Individual networks may or may not be wired to the DLC.
For powertrain and chassis module communications the CAN bus will have two circuits similar to the Ford SCP J1850 bus and are pinned out in pins 6 (CAN High +) and 14 at the DLC (CAN High -). Depending on the domestic OEM and model year, the CAN equipped vehicle might have one or two other speeds of CAN used for other types of module communications such as body electronics and graphical displays not requiring as high of communication speeds as powertrain and chassis. Much in the same way you don’t require a cable modem for a simple text email, the Body Control Module (BCM) does not require high-speed dual wire CAN to pop the trunk or honk the horn when other modules are involved in such a process as is the case much of the time.
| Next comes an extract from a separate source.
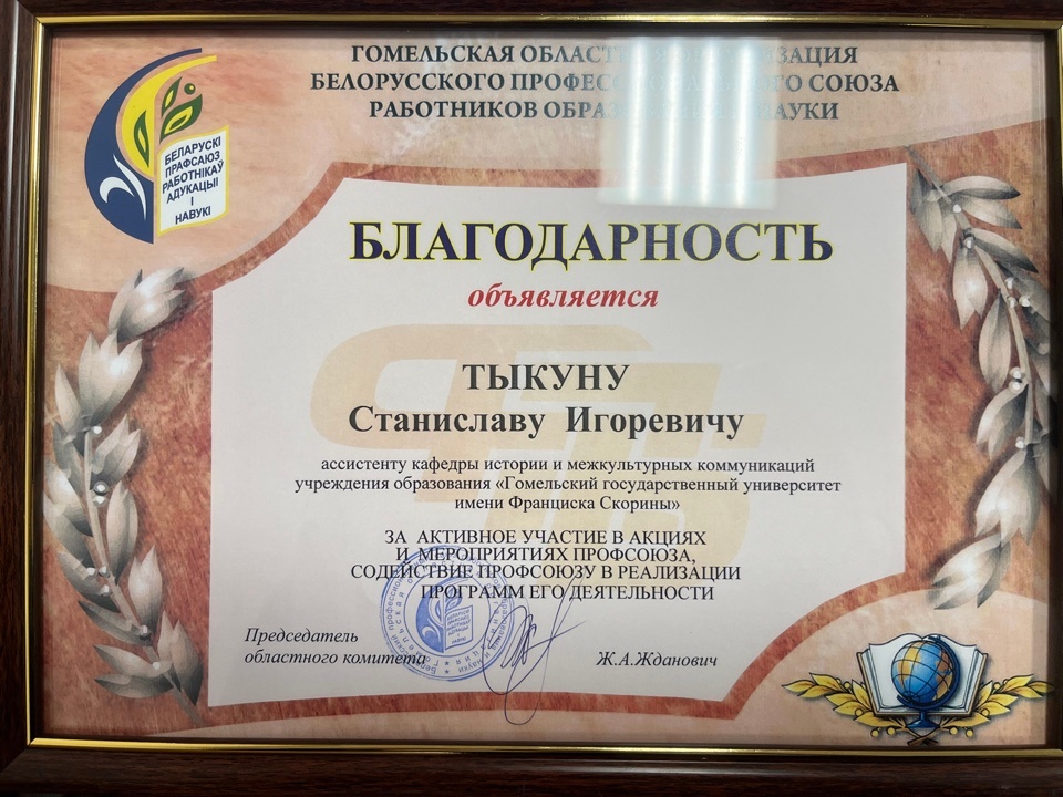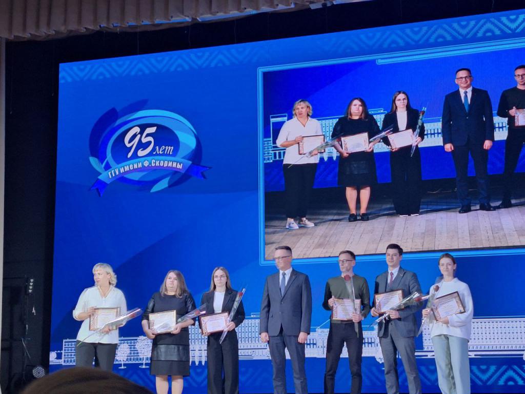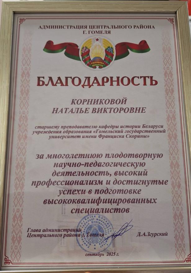 На расширенном заседании Совета университета преподаватели кафедры истории Беларуси Корникова Н.В. и Тыкун С.И. были награждены Благодарностями в честь 95-летия Гомельского государственного университета имени Ф. Скорины, за многолетний труд и содействие профсоюзной деятельности соответственно.
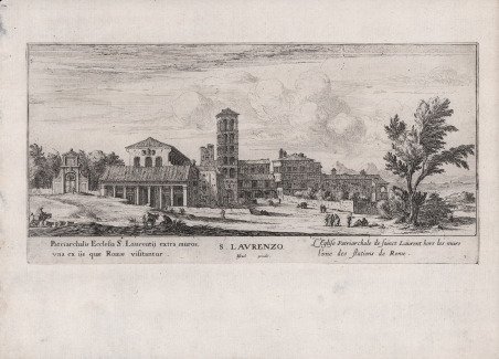 Veduta della chiesa di S. Maria del Popolo con facciata e cupola del primo Rinascimento. ' Nella piazza di fronte scene di vita quotidiana con animali e persone. In basso iscrizioni latine e francesi. Veduta tratta dalla serie ' Les stations de Rome. ' Il Silvestre, incisore e disegnatore, nasce a Nancy nel 1621. Come era consuetudine all'epoca, fece diversi viaggi in Italia per copiare i vecchi maestri e per migliorare le sue abilità con i più grandi maestri. Faucheux fissa le date di questi viaggi, il primo prima del 1640 (Israel non aveva ancora 20 anni), il secondo dal 1643 al 1644 e l'ultimo intorno al 1653. Israel portò con sé molte vedute dell'Italia, quasi tutte incise. Fino al 1659, fece altri viaggi in Francia e in Lorena, da cui trasse molti disegni e incisioni. Il suo stile fu, all'inizio, piuttosto sciolto, ma dal 1643 in poi divenne più raffinato e delicato, acquisendo accuratezza e precisione senza essere asciutto, risultando a volte simile a quello di Jacques Callot o di Stefano della Bella, con i quali ebbe rapporti di amicizia attraverso il suo zio materno e mentore, l’editore Israël Henriet. Accanto alle testimonianze per la Roma antica mostrò ben presto un grandissimo interesse per la città "moderna", divenendo uno dei precursori del vedutismo - non solo nel campo incisorio - anticipando artisti come Lievin Cruyl e Gaspar van Wittel. È praticamente impossibile fare un inventario completo delle opere di Israël Silvestre, tanto era prolifico l'artista. Ha lasciato numerosi disegni e più di mille incisioni. Tra le sue opere più belle, possiamo tuttavia menzionare le numerose e complesse “piccole” suite (composte da poche tavole) sulle piazze, le chiese e le antichità di Roma. Acquaforte, in ottimo stato di conservazione. Bibliografia L. E. Faucheux, ' Catalogue raisonné de toutes les estampes qui forment l'oeuvre d'Israel Silvestre: précédé d'une notice sur sa vie ' (1857), n. 2.7; F. Baré, ' Israël Silvestre et sa famille, suivi du catalogue de son oeuvre ' (1885), n. 813. View taken from the series ' Les stations de Rome. ' Les stations de Rome, suite of 10 numbered pieces, not including the title. The inscriptions of this suite are in French (italic characters) and in Latin (Roman characters). The title of each piece which separates the Latin inscription from the French inscription is in Italian and in large characters. Silvestre, engraver and draftsman, was born in Nancy in 1621. As was customary at the time, he made several trips to Italy to copy the old masters and to improve his skills with the greatest masters. Faucheux fixes the dates of these trips, the first before 1640 (Israel was not yet 20 years old), the second from 1643 to 1644 and the last around 1653. Israel brought with him many views of Italy, almost all of them engraved. Until 1659, he made other trips to France and Lorraine, from which he took many drawings and engravings. His style was, at the beginning, rather loose, but from 1643 onwards became more refined and delicate, acquiring accuracy and precision without being dry, resulting sometimes similar to that of Jacques Callot or Stefano della Bella, with whom he had friendly relations through his maternal uncle and mentor, the publisher Israël Henriet. Alongside the testimonies to ancient Rome, he soon showed great interest in the "modern" city, becoming one of the precursors of vedutism - not only in the field of engraving - anticipating artists such as Lievin Cruyl and Gaspar van Wittel. It is quite impossible here to make a complete inventory of Israël Silvestre's works, so prolific was the artist. He left numerous drawings and more than a thousand engravings. However, among his most beautiful works, we can mention the many complex "small" suites (composed of a few plates) on the squares, churches and antiquities of Rome. Etching, in excellent condition. Bibliografia L. E. Faucheux, Catalogue raisonné de toutes les estampes qui forment l'oeuvre d'Israel Silvestre: précédé d'une notice sur sa vie (1857), n. 2.7; F. Baré, Israël Silvestre et sa famille, suivi du catalogue de son oeuvre (1885), n. 813. Cfr.

Whether a J1850 bus or CAN bus, the network classifications are broken down into three speeds: Type A, (under 10Kbps), Type B (10-125 Kbps) and Type C. (125 Kbps and up). Pre-OBDII buses most often will be found in the Type A speed while OBDII J1850 buses will be Type B. GM calls its CAN GMLAN. Its dual wire bus is termed HS (High Speed) GMLAN used for powertrain and chassis communications (a Type C bus), and a single wire medium speed GMLAN bus (Type B) is reserved for other modules and functions on the vehicle. Ford simply calls its powertrain/chassis bus HS CAN (High Speed) and its Type B medium speed body electronic bus MS CAN (Medium Speed).